А уж физичка и подавно вспоминать про свое обещание не собирается.
Обведя в кружок пустое место на листочке со штампом, предназначенное для ответа на вопрос экзаменатора из университета, и поставив на нем знак вопроса, мне выносят приговор:
– Четыре.
Земля, круто покачнувшись, дает крен и выпрыгивает из-под ног.
Экзаменующие участливо смотрят на меня.
Собрав последние остатки мужества, на кисельных ногах я выхожу в темный коридор, где я даю волю своим слезам. В школьном коридоре непривычно тихо и спокойно. Нет обычного шума и гвалта. Все на каникулах.
Соленые струйки, непрошеные гости, катятся по моим щекам, затекают за белоснежный воротник парадной блузки, одетой по случаю экзамена.
Судорожные рыдания сотрясают мое тело. Я обнимаю себя за плечи, стараясь удержать себя от всхлипов. Но жалость к себе еще больше меня убивает. Я, сгибаясь пополам, сажусь на пол и, прижимаясь к стене, закрываю руками лицо.
Это же надо так отомстить.
Физичку бросил муж. Он был тоже учителем физики в нашей школе. Он ушел к более молодой и симпатичной. И наше учебное заведение тоже покинул.

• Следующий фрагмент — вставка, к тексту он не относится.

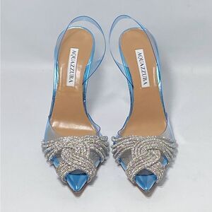 Aquazzura Gatsby Crystal-Embellished Slingback pumps size 38

Для Виталинки он был на редкость великолепным мужем. Очень высокий, шумный, неугомонный, с всклокоченными кудрями светлых волос. И она – некрасивая серая мышь. Как они вообще поженились? Для нас, школьниц, это оставалось загадкой. Совершенно друг другу не подходили: абсолютно разные типажи, как внутренне, так и внешне. Как она умудрилась такого мужчину подцепить? Но он, видимо, однажды опомнился и сбежал. Даже двое детей в их семье не удержали его.
И вот я имела дурость прийти как-то в жаркий день на консультацию по физике в красивом костюмчике, который, кстати, сама же и сшила из струящейся вискозы.
Она так на меня тогда посмотрела… Взглядом, полным ненависти. Я думаю, она во мне увидела ту, что увела от нее мужа.
И вот теперь она со мной поквиталась. За что, спрашивается? За мой красивый костюм и эффектный внешний вид?
За то, что все остальные шумели на ее уроках, а я слушала внимательно?
А Виталинка теперь имела новое развлечение: ходила на зимнюю рыбалку с мужиками. Вот так-то. Скромняшка наша. Вся школа просто в шоке от нее.
И могу сказать: в итоге она «нарыбачит»… Если забежать чуть в будущее, могу сказать, если интересно, что какой-то рыбак сделает ей третьего ребеночка и, вроде, даже женится на ней. Но это все совсем другая история. А как же я?
А я все еще сижу в коридоре своей школы.
– Надо собраться. Не хочу, чтобы тебя видели такой. Надо идти домой. Там поплачешь всласть, – повторяю я себе снова и снова.
Неуверенно поднимаюсь по стенке, вставая на ноги. И бреду домой, глуша в себе остаточные всхлипы, судорожно вырывающиеся из самого моего сердца.
Какие-то события в жизни, иногда даже совсем незначительные, могут привести к изменению судьбы. И совсем необязательно, что за скверным событием будет следовать череда плохих.